● **WHAT TO DO**:
Reproduce every line of the material below, but drop the pictures.

-- SUPPLIED INFORMATION follows --

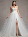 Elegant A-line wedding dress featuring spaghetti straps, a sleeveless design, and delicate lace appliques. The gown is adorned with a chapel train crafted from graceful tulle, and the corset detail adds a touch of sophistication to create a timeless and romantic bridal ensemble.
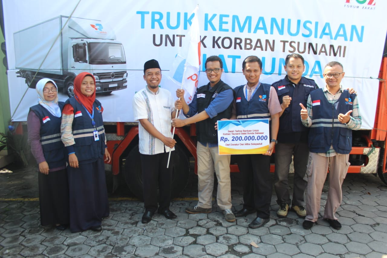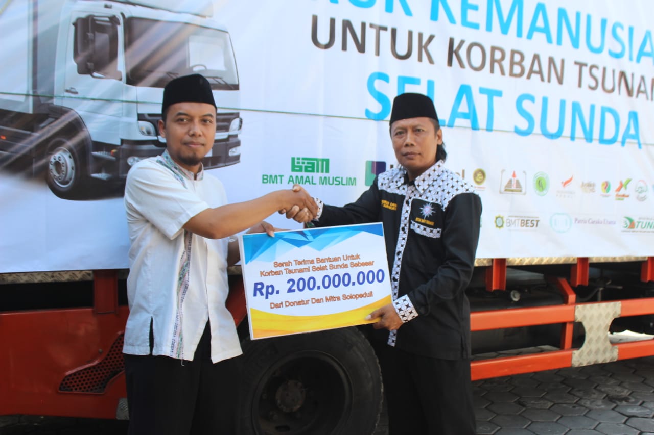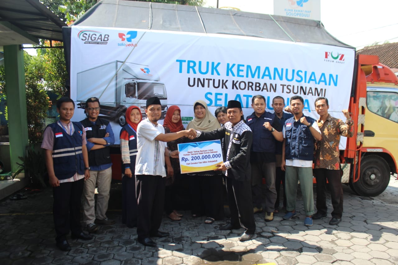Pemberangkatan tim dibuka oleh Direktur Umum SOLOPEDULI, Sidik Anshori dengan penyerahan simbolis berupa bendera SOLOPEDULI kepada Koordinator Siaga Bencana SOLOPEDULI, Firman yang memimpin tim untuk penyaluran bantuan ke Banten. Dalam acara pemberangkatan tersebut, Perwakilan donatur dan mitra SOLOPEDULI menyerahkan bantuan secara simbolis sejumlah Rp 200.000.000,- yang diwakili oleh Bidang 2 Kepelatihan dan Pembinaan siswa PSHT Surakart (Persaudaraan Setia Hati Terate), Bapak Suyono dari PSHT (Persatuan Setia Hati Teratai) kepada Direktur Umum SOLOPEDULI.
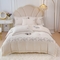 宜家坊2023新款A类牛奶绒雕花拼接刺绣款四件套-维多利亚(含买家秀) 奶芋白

-- SUPPLIED INFORMATION concluded --

● **WRITTEN SOLUTION**:
 Elegant A-line wedding dress featuring spaghetti straps, a sleeveless design, and delicate lace appliques. The gown is adorned with a chapel train crafted from graceful tulle, and the corset detail adds a touch of sophistication to create a timeless and romantic bridal ensemble.
Pemberangkatan tim dibuka oleh Direktur Umum SOLOPEDULI, Sidik Anshori dengan penyerahan simbolis berupa bendera SOLOPEDULI kepada Koordinator Siaga Bencana SOLOPEDULI, Firman yang memimpin tim untuk penyaluran bantuan ke Banten. Dalam acara pemberangkatan tersebut, Perwakilan donatur dan mitra SOLOPEDULI menyerahkan bantuan secara simbolis sejumlah Rp 200.000.000,- yang diwakili oleh Bidang 2 Kepelatihan dan Pembinaan siswa PSHT Surakart (Persaudaraan Setia Hati Terate), Bapak Suyono dari PSHT (Persatuan Setia Hati Teratai) kepada Direktur Umum SOLOPEDULI.
 宜家坊2023新款A类牛奶绒雕花拼接刺绣款四件套-维多利亚(含买家秀) 奶芋白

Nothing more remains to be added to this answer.